一團迷霧在黎晚晴心中緩緩升起,氤氳開去。

女人們都很聰明,都懂得不亂說話的道理。兩天後,黎晚晴終於從一個叫蔡姐的女人那裏挖到了一些信息,蔡姐就住她家樓下,是個豪爽潑辣的北方女人,她對黎晚晴說,本來我一個外人也不應該跟你說東說西,顯得我嘴碎,可看你這女孩人挺不錯的,那我就指點你幾句,有什麽想問的你就問吧。

我就是想知道,為什麽你們得知我跟宋建明結婚時的反應都挺奇怪的。

蔡姐笑笑,也沒什麽,我們就是覺得有點太快了。

什麽太快?

換得太快。上個月宋醫生的愛人還是另外一個呢,這兩天就突然變成了你,你說是不是讓人覺得奇怪。

蔡姐接著說,上個月幾乎每天都能聽到宋醫生和那個女人爭吵,後來忽然就消停了,我當時還奇怪呢。你要不說,我怎麽也想不到你是宋醫生的愛人。

仿佛一個雷炸響在頭頂,黎晚晴覺得眼前的景物波動起來。

蔡姐湊過來壓低聲音說道,你知道現在小區裏那些女人都怎麽議論宋醫生?他們說宋醫生原來的妻子怎麽像蒸發似的一下子就不見了,就像……,哎呀不說了,你知道就行了。

沒有來由的,黎晚晴的腦海裏忽然就浮現起儲物間裏的那個暗紅色的立櫃來,那兩扇櫃門在黑背景下徐徐開啟,一幕恐怖的場景在眼前懸掛展開,黎晚晴不敢再想下去。

回到家,她悄悄把儲物室的門推開一道縫,在傍晚暗淡的光線裏,那口櫃黑亮的漆皮發出沉重晦暗的光澤,就像一個滿懷心事的人靜悄悄地站在角落裏,陰沉沉地同她對視。

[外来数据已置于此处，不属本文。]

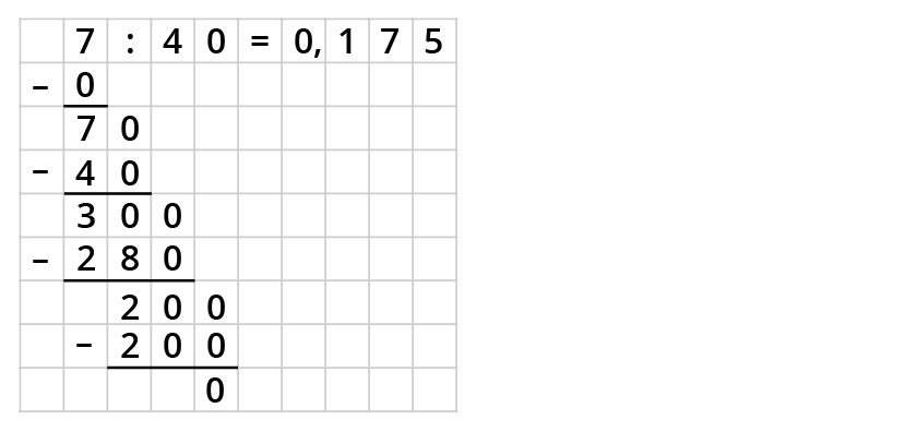 $$7/40\stackrel(25)=175/1000=0,175$$
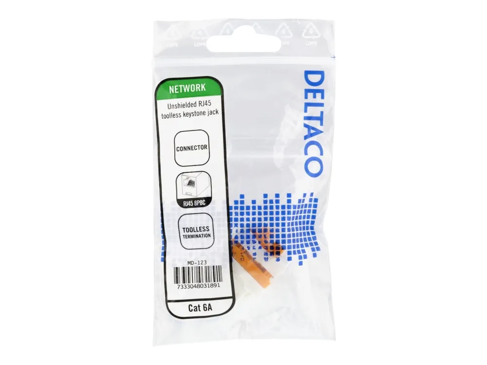 Liitinmoduuli, jonka käyttöönotto tapahtuu ilman erillisiä työkaluja. Aseta johtimet valmiiksi merkittyihin kohtiin ja ruuvaa osat kiinni toisiinsa. Kaapeli on tämän jälkeen valmis käytettäväksi.
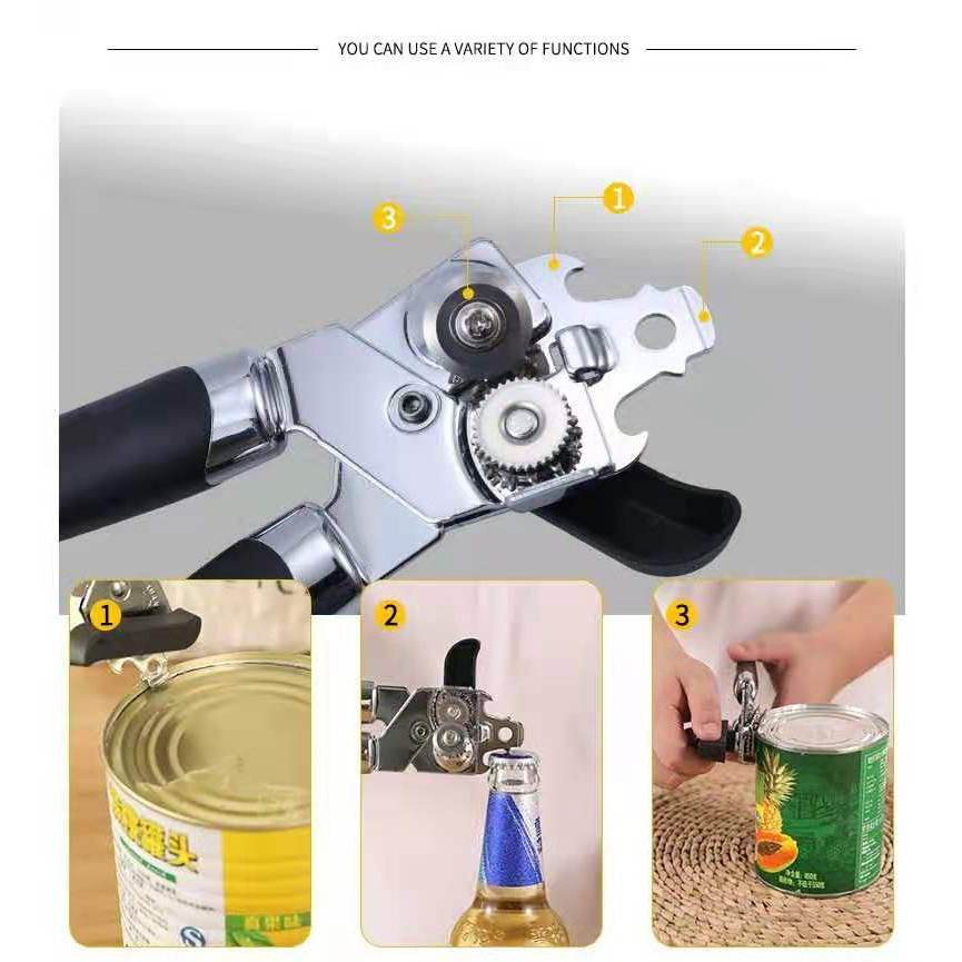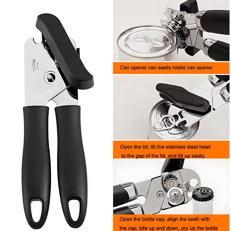 3-in-1 Stainless Steel Tin Opener Cordless Tin Opener with Lids Off Jar Opener and Bottle Opener
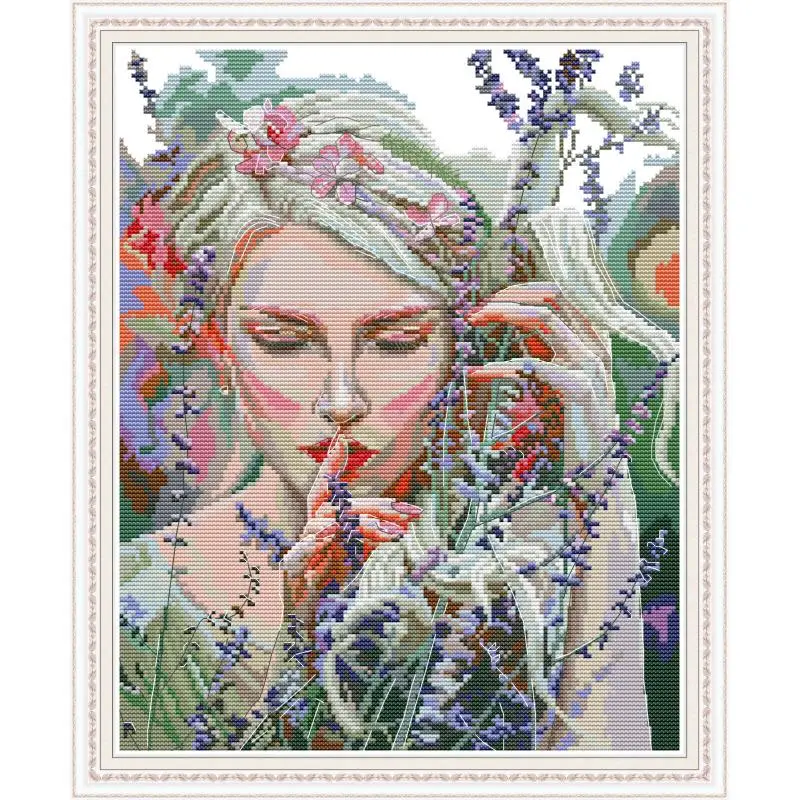 Набор для вышивки крестиком 14 карат, для прослушивания, тишина, девушка, женщина и лаванда, ручная работа, домашний декор
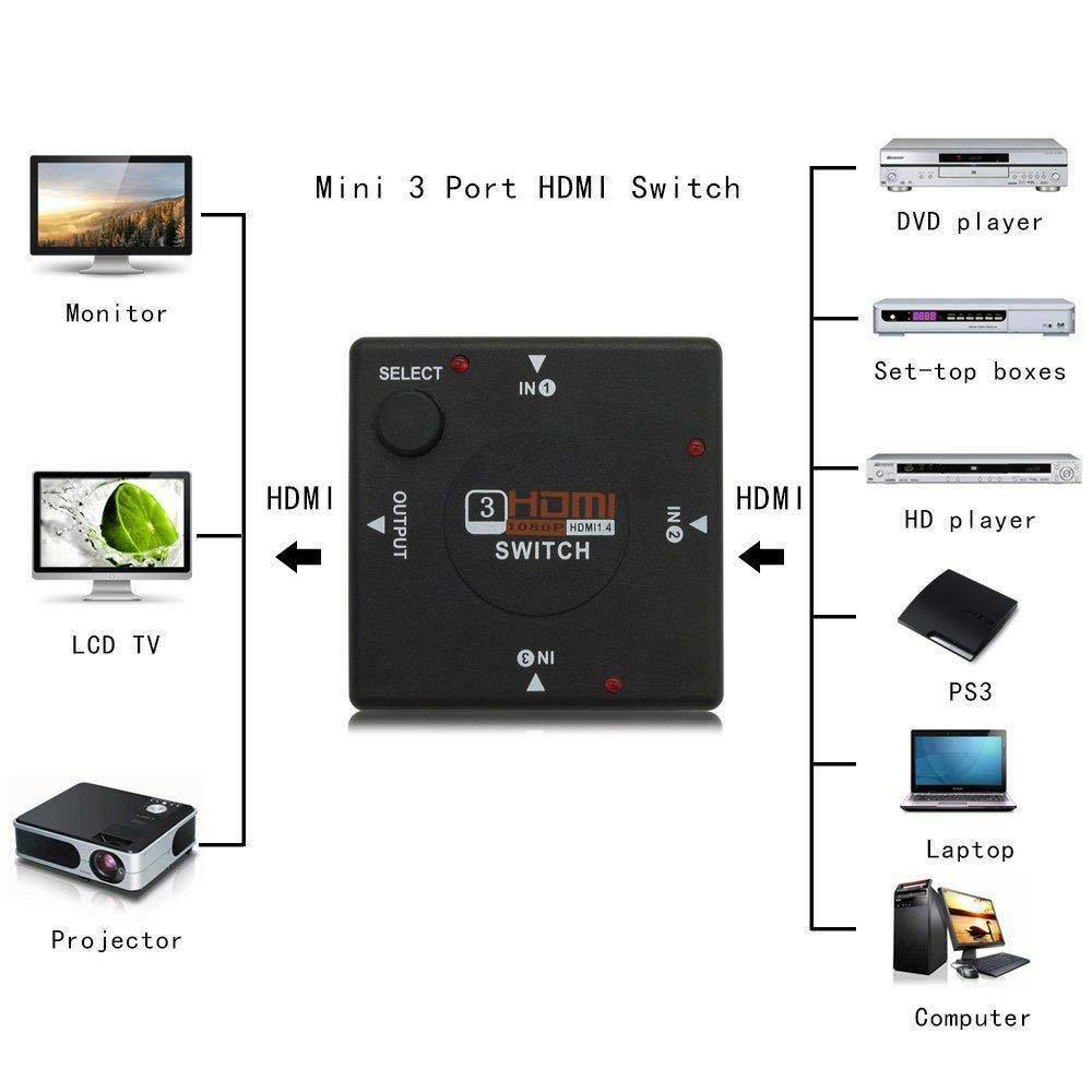 Enhance your home entertainment setup with our 3 Port HDMI Splitter 1080P Multi Switch Switcher Hub Box. This compact and versatile device allows you to connect multiple HDMI sources to a single display, making it ideal for home theatres, gaming setups, and conference rooms. Say goodbye to the hassle of constantly swapping cables and enjoy a seamless multimedia experience.
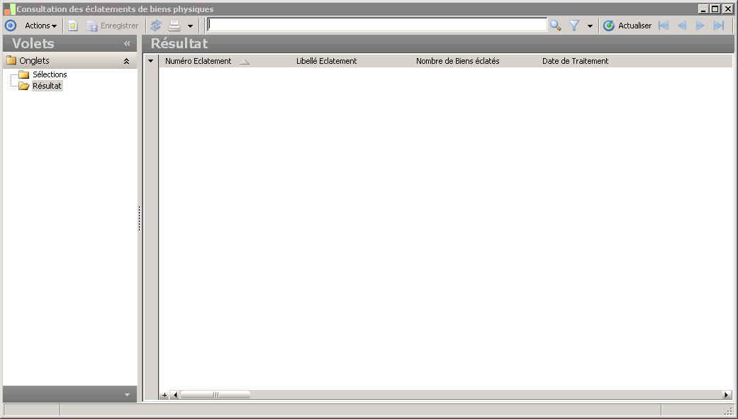 (Sage FRP 1000 Comptabilité) Menu Immobilisations > Suivi physique > Eclatement > Consultation des éclatements de biens physiques
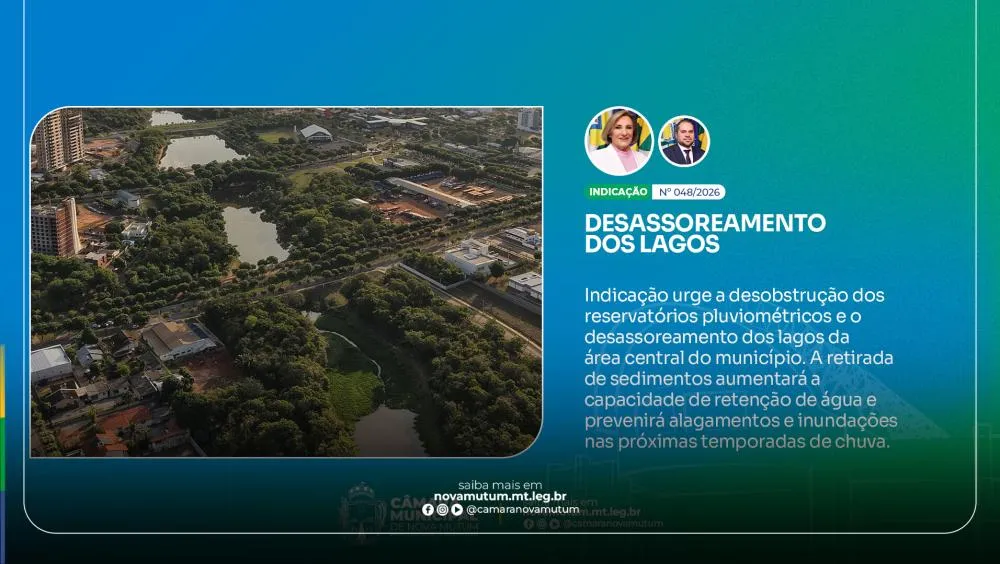 Quem passa pela área central de Nova Mutum sabe que os lagos distribuídos pelo perímetro urbano fazem parte da paisagem da cidade. Mas, por baixo dessa beleza, há um problema silencioso que preocupa parlamentares e moradores: o acúmulo de sedimentos que compromete a capacidade desses espelhos d’água de absorver as chuvas. Foi com esse olhar que a vereadora Carmem Casagrande (União Brasil), com coautoria do vereador Anderson Mantovan (União Brasil), apresentou a Indicação nº 048/2026 durante a 7ª sessão ordinária da Câmara Municipal, realizada na última segunda-feira, 23 de março.
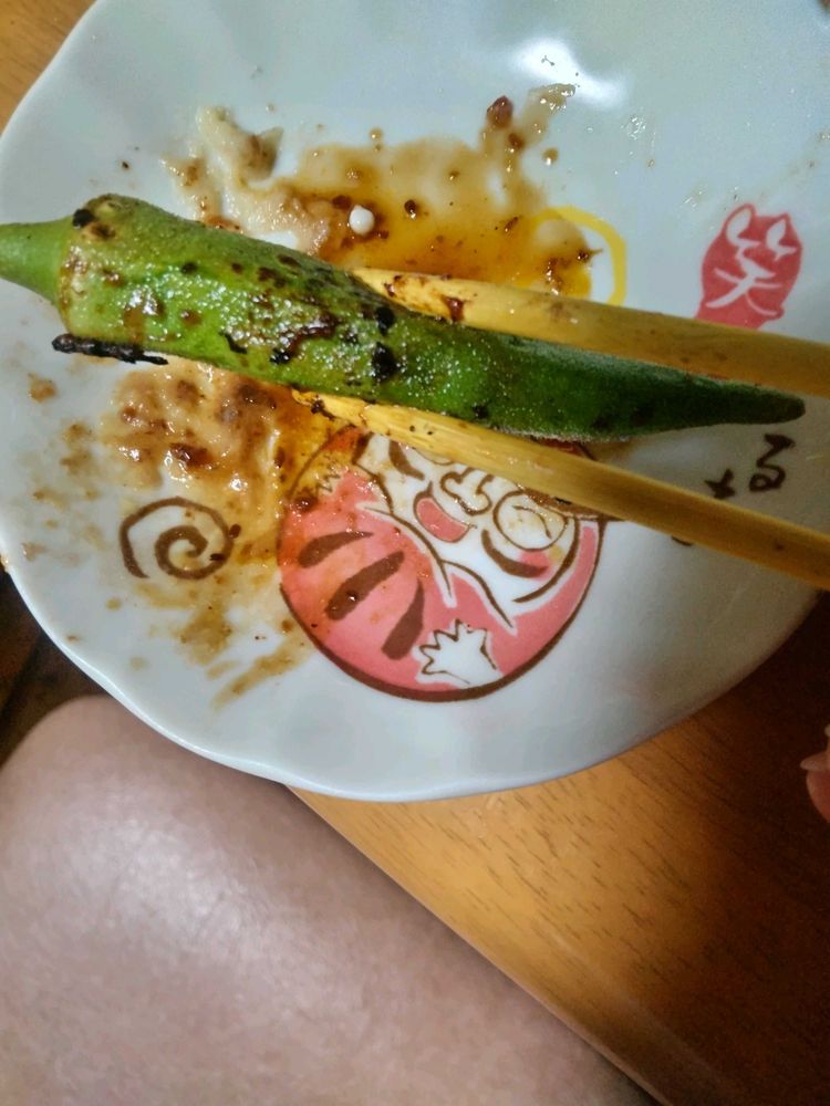 ほんと、オクラの素焼きと焼き肉のタレはマジに美味しい😋🍴💕
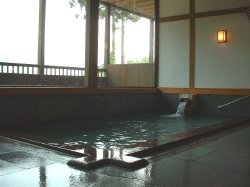 内湯であるが、屋根が高く、窓が大きいので、とても開放感がある。
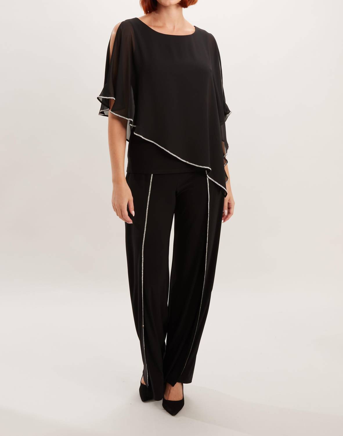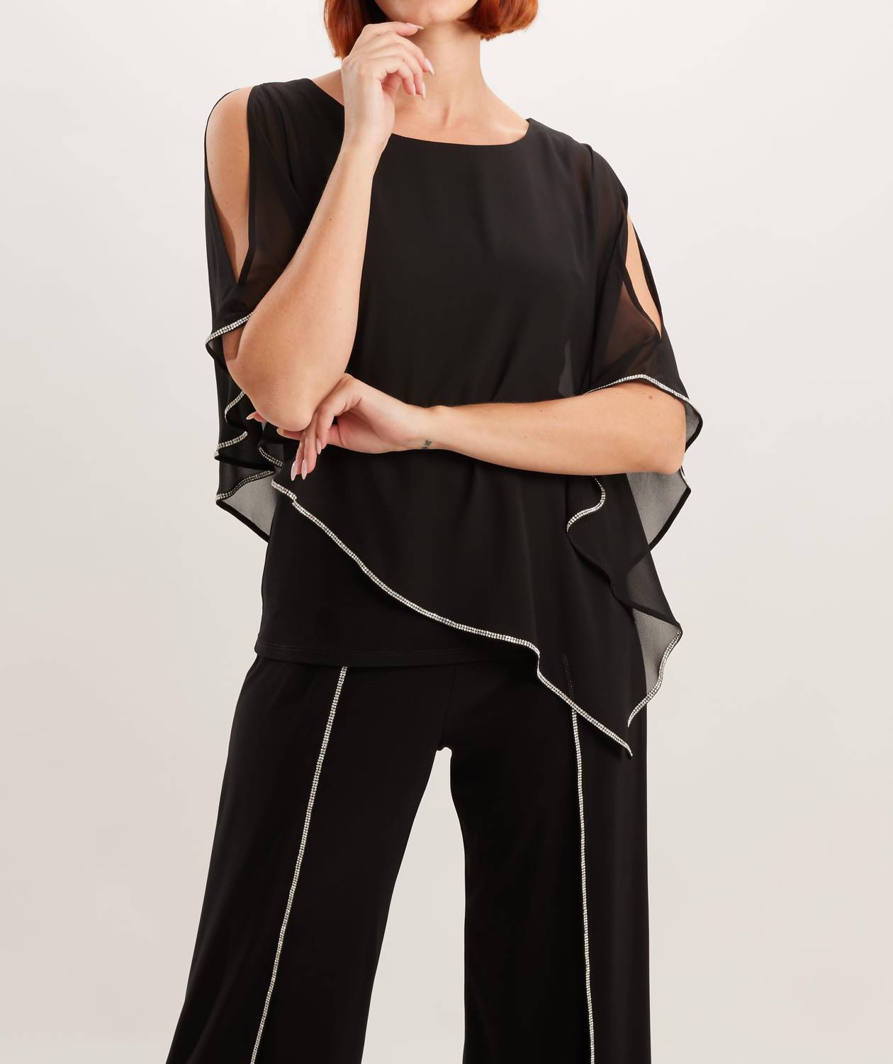 Combine isso com seus jeans e chinelos favoritos para sua próxima noite entre amigas. Adicione um toque de elegância ao seu look noturno com o Blusa Pulôver Frank Lyman Chic Embellished na cor preta clássica. Esta blusa feminina possui mangas curtas e uma elegante gola redonda, com uma sofisticada sobreposição de chiffon em camadas para um toque especial. Confeccionada em 95% poliéster e 5% elastano, esta blusa oferece um fecho confortável, perfeito para uma saída à noite ou um evento. Com seu padrão sólido, é a escolha ideal para ocasiões de primavera.
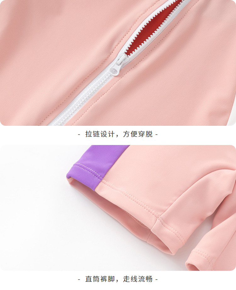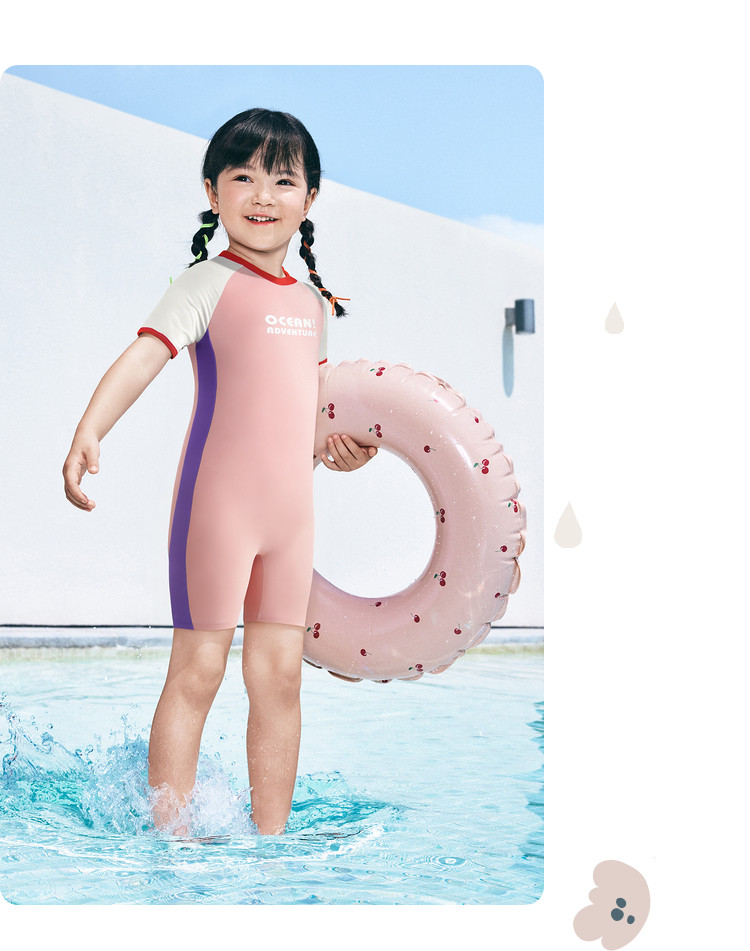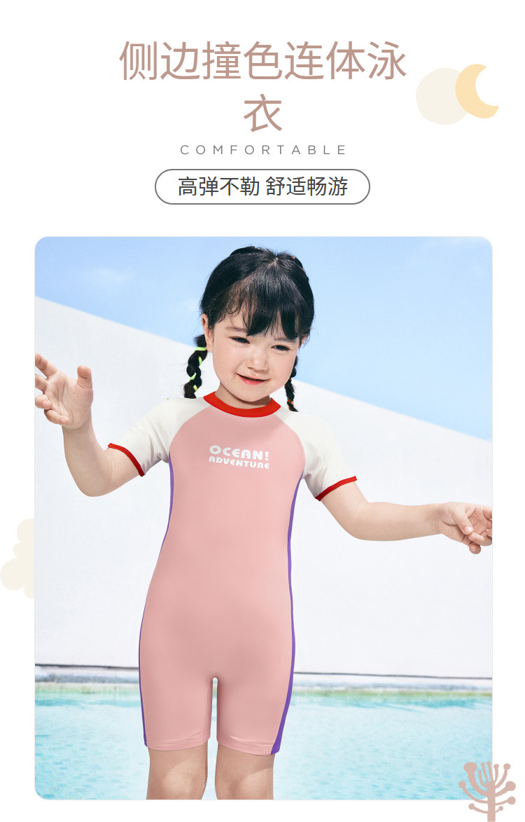 防晒UPF50+女童泳衣儿童泳装小童宝宝防晒连体高弹运动撞色 438085

晚上,黎晚晴與宋建明鬧了一場,可麵對黎晚晴來勢洶洶地追問,宋建明以沉默相抗衡,他陰沉著臉,承認以前是有個妻子,不過感情不合離婚了,其它一概不談。

黎晚晴側目望著宋建明,她忽然覺得眼前的男人竟是那樣的陌生,新婚的喜悅一掃而空,她方才意識到,自己對這個男人的了解僅僅局限於一層皮,連骨頭都沒觸碰到,他心肝是什麽顏色的,他有幾根花花腸子,全覆在這層衣冠楚楚的表皮之下,她一無所知。

夜裏,黎晚晴合衣睡在客廳裏,這是她新婚的第二天,分居的第一天。沙發的舒適度遠不及臥室中的大床。

女人在她們的生活中為什麽總會流離失所?

客廳裏的落地鍾沉悶地敲了十二響,最後的一響餘音未絕,黎晚晴醒了。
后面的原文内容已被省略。